## Assignment:
From the data that follows, set down exactly the lines from the one with "sexy girls lace" through the one with "Effect of threads", counting both. Pictures stay out.

## Extracted information:

********************

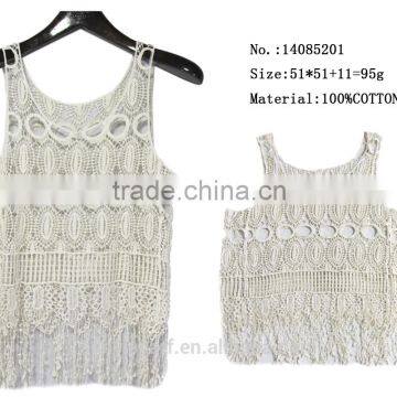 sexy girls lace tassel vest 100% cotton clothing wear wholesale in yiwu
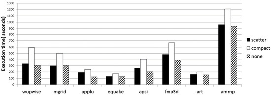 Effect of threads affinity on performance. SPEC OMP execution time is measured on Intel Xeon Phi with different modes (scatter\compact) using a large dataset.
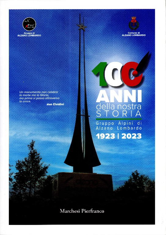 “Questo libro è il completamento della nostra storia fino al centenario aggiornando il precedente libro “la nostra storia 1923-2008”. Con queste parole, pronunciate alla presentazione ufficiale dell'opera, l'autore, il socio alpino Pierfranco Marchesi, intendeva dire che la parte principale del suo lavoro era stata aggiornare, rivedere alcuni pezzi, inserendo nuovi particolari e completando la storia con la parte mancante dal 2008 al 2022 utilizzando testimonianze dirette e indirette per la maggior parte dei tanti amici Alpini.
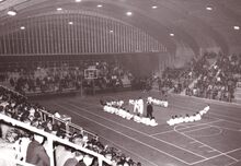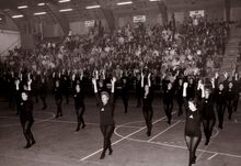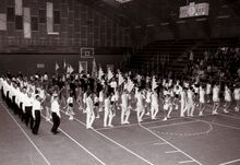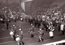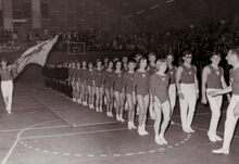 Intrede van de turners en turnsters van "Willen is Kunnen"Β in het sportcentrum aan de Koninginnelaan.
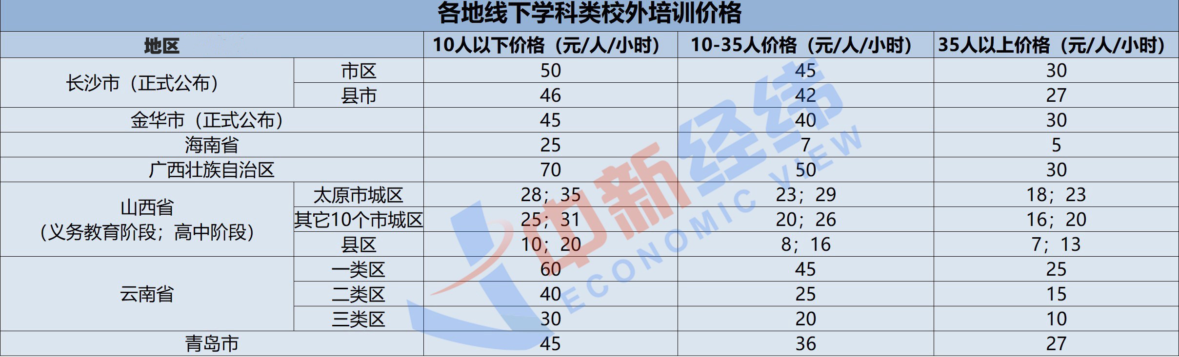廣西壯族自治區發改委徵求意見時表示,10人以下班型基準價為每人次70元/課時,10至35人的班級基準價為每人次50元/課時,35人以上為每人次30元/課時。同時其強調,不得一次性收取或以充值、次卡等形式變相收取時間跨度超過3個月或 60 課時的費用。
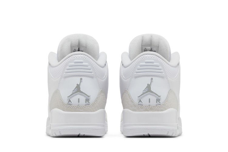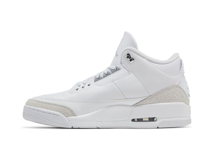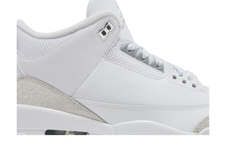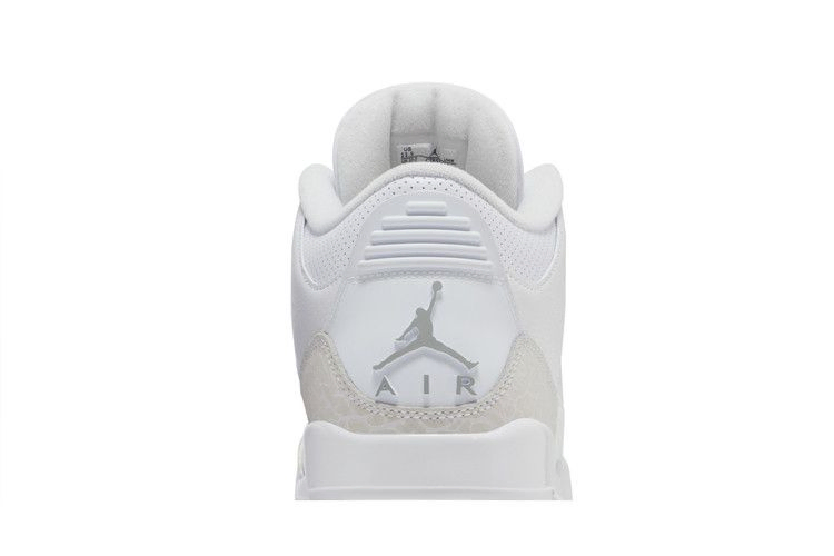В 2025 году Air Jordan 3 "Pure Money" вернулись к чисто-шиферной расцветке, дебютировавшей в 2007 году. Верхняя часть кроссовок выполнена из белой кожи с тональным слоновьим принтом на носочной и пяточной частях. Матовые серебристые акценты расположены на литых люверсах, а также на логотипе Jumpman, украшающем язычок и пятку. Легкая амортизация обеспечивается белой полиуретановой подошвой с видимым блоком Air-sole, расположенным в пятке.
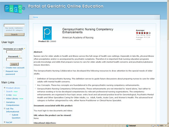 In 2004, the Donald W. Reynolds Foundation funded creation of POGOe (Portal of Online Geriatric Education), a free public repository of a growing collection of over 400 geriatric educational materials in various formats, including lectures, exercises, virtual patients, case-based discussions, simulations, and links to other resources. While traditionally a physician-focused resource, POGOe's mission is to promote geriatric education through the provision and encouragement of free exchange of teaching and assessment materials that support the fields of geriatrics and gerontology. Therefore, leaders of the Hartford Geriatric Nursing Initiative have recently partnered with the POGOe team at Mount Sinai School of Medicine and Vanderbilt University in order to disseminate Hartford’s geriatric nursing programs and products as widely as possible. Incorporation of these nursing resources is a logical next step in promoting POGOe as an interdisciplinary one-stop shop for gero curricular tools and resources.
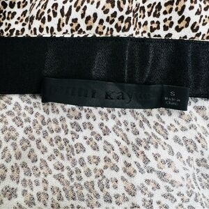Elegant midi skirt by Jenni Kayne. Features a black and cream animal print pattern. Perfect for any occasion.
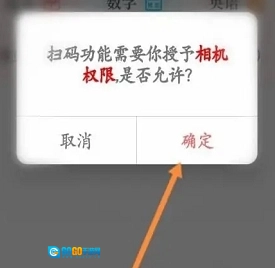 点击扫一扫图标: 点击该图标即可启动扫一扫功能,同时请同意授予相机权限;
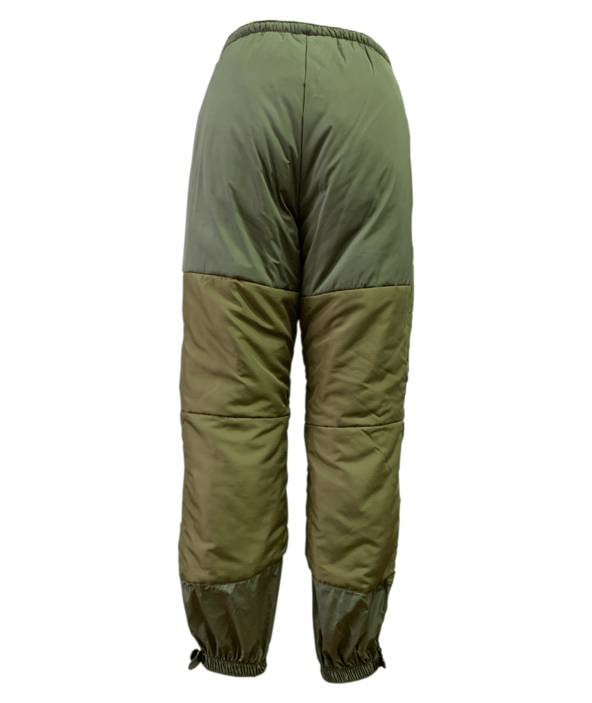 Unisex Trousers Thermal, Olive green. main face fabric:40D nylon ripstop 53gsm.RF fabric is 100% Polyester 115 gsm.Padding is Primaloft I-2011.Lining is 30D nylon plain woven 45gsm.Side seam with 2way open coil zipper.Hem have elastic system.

********************

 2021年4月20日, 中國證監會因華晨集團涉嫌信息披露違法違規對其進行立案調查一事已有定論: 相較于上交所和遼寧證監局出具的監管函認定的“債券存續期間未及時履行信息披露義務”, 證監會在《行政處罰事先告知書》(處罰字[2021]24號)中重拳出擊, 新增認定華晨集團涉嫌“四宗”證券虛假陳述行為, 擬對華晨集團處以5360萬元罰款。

********************

## Result of the exercise:
 sexy girls lace tassel vest 100% cotton clothing wear wholesale in yiwu
 Effect of threads affinity on performance. SPEC OMP execution time is measured on Intel Xeon Phi with different modes (scatter\compact) using a large dataset.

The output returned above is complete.